Mark Williams Company
- Industry: Software industry
- Founded: 1977 in Chicago, Illinois, U.S.
- Founders: Robert Swartz
- Defunct: 1995
- Fate: Disestablished
- Headquarters: Northbrook, Illinois, U.S.
- Products: Coherent

= Mark Williams Company =

Software company that created Coherent

The Mark Williams Company was a small software company in Chicago, Illinois (later moved to Northbrook) that created Coherent, one of the first Unix-like operating systems for IBM PCs and several C programming language compilers. It was founded by Robert Swartz (father of Aaron Swartz) in 1977 and discontinued operations in 1995. The name comes from the middle name of Robert Swartz's father, William Mark Swartz.

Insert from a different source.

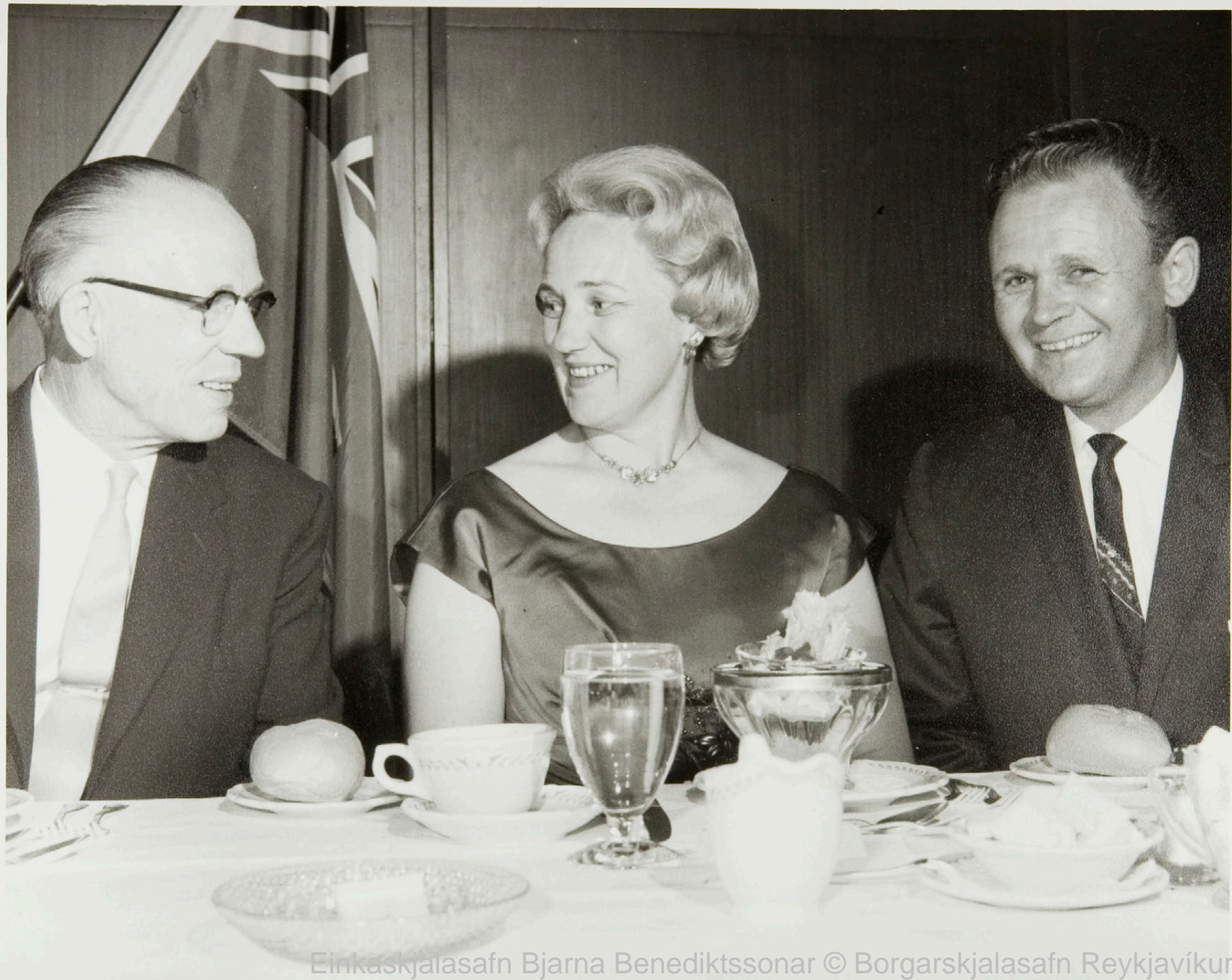
Einkaskjalasafn Bjarna Benediktssonar © Borgarskjalasafn Reykjavíkur

Robert Swartz moved the company (originally producing a soft drink called Dr. Enuf) into software with his father's help and the company became known as the Mark Williams Company.

Mark Williams won a patent lawsuit centered on 'byte ordering'. Separately, and at that time, Linux had made serious inroads in the UNIX clone market. Since Coherent was a commercially available package and Linux was distributed freely on the Internet via their GNU General Public License, Coherent sales plummeted and Swartz had no choice but to cease operations in 1995.

== Products ==
- Produced Coherent, a clone of Unix.
- csd, C source debugger.
- Let's C, low-cost professional C compiler for the IBM PC and MS-DOS.
- Mark Williams C for CP/M-86.
- Mark Williams C for the Atari ST, first major C programming environment for the ST computers.
- XYBasic, a process control BASIC running on CP/M that could be burned on to memory (EPROM) and run on an 8080 standalone processor.